Work task:
Omitting all images, set down every line below exactly as it appears.

Collected material:
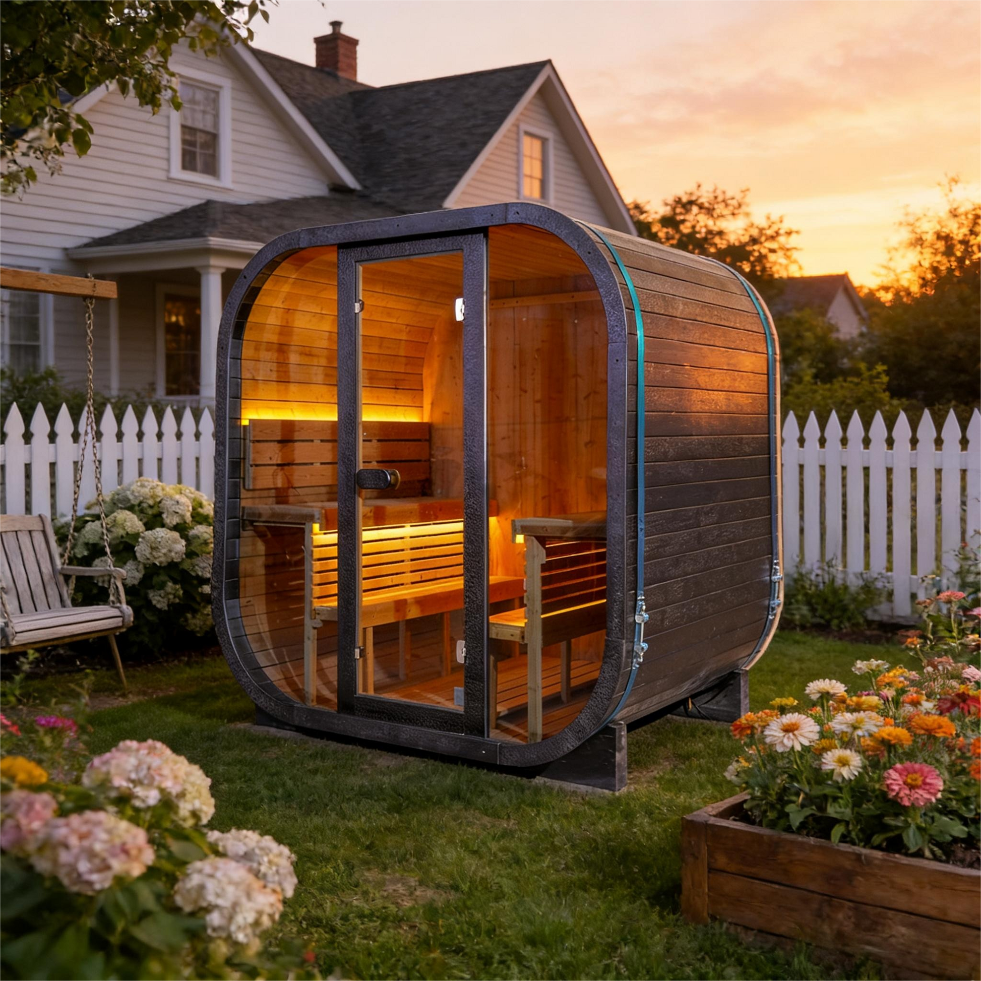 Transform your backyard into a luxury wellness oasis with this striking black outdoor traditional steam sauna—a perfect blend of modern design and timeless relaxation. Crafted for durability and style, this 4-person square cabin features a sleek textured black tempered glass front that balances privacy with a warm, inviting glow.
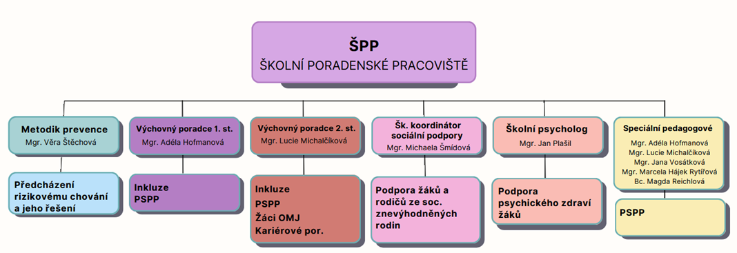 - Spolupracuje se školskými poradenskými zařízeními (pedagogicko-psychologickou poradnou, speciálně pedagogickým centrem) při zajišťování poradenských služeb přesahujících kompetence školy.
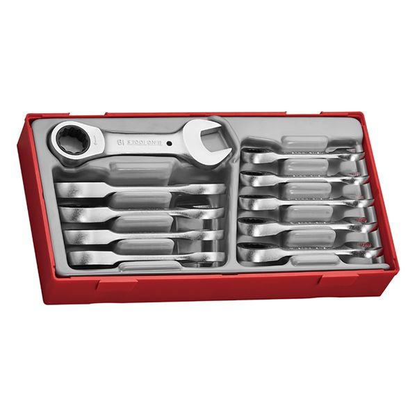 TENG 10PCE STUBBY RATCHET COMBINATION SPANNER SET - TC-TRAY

Response for this exercise:
 Transform your backyard into a luxury wellness oasis with this striking black outdoor traditional steam sauna—a perfect blend of modern design and timeless relaxation. Crafted for durability and style, this 4-person square cabin features a sleek textured black tempered glass front that balances privacy with a warm, inviting glow.
 - Spolupracuje se školskými poradenskými zařízeními (pedagogicko-psychologickou poradnou, speciálně pedagogickým centrem) při zajišťování poradenských služeb přesahujících kompetence školy.
 TENG 10PCE STUBBY RATCHET COMBINATION SPANNER SET - TC-TRAY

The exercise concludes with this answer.